Habían sido los pasajeros y su conducta. No mencionó que las cancelaciones y demoras por trenes que salían de servicio o sufrían fallas continuas habían generado el 22 de febrero, y tantas otras veces, multitudes esperando en las estaciones. Pero sí dijo algo más: «Si esto hubiera ocurrido ayer, que era un día feriado, seguramente ese coche hubiera impactado y hubiera sido una cosa mucho menor y no de la gravedad que fue hoy».

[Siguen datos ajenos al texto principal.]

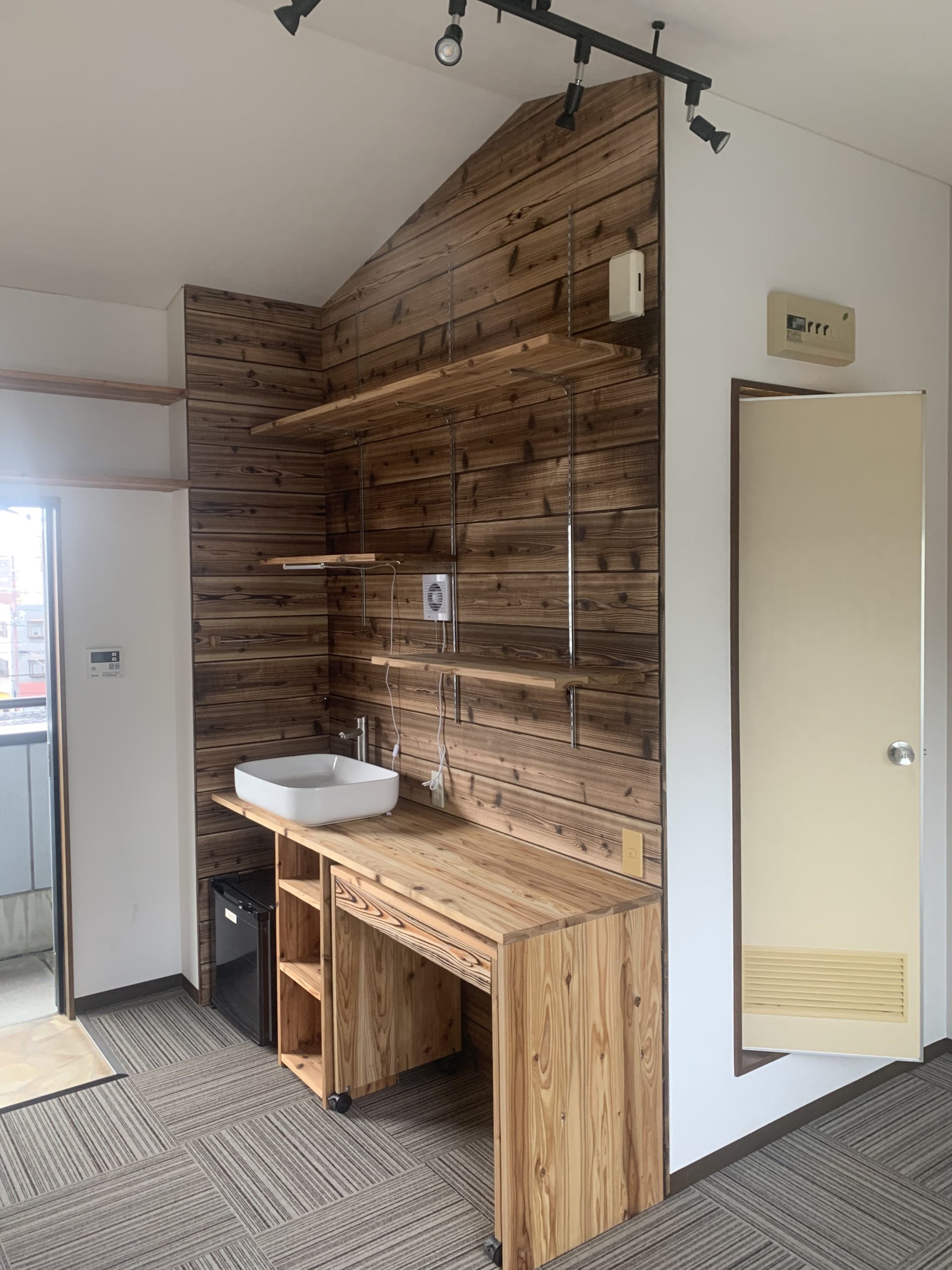 壁には、焼杉パネルを張り込み、スリット式のクロームメッキ・スチールの棚受けを取付。

Leonargo Menghini, el tío de Lucas, es abogado y quien llevó adelante el juicio que logró la condena de funcionarios públicos, empresarios y del motorman. Foto: Andres D'Elia

Leonargo Menghini, el tío de Lucas, es abogado y quien llevó adelante el juicio que logró la condena de funcionarios públicos, empresarios y del motorman. Foto: Andres D’Elia

«Los muertos no son sólo consecuencia del impacto», dice Leonardo Menghini Rey y se prepara para enumerar: «Son consecuencia de un parachoque que estaba estático y funcionó como una pared, cuando debía ser neumático y amortiguar el golpe; de la diferencia de alturas entre vagones; de la estructura corroída; de que el chapa 16 estaba detenido para ser desguazado, pero por problemas en todas las formaciones del Sarmiento tuvieron que sacarlo a circular, cuando ese tren nunca debió circular«. Y agrega: «En todo eso está la mayor responsabilidad de los directivos de TBA y los funcionarios que no controlaron y permitieron semejante barbaridad».

Para Leonardo Menghini no hay casualidades respecto a los momentos en los que surgen estas fake news centradas en el maquinista. «Está probado que Córdoba frenó porque en el tren hubo una desaceleración. Impactó a 20 kilómetros por hora y al principio del andén había entrado a 26 kilómetros por hora. También lo ratificó el GPS. Querer confundir con que Córdoba desinstaló el sistema de frenos del tren, cuando se trata del sistema hombre muerto, es una estrategia para victimizar a los victimarios y ejercer una presión sobre Casación que tiene que resolver sobre la cuestión de Julio De Vido».

El 21 de octubre habrá una audiencia en la causa Once II. Los familiares de las víctimas pedirán que a De Vido también se lo condene por estrago culposo agravado, el delito por el que ya fueron condenados Jaime, Schiavi, Cirigliano y Córdoba y que se traduce en ser responsable de haber causado lesiones a centenares de pasajeros y la muerte de 51 personas, incluida Tatiana Lezana, embarazada de seis meses.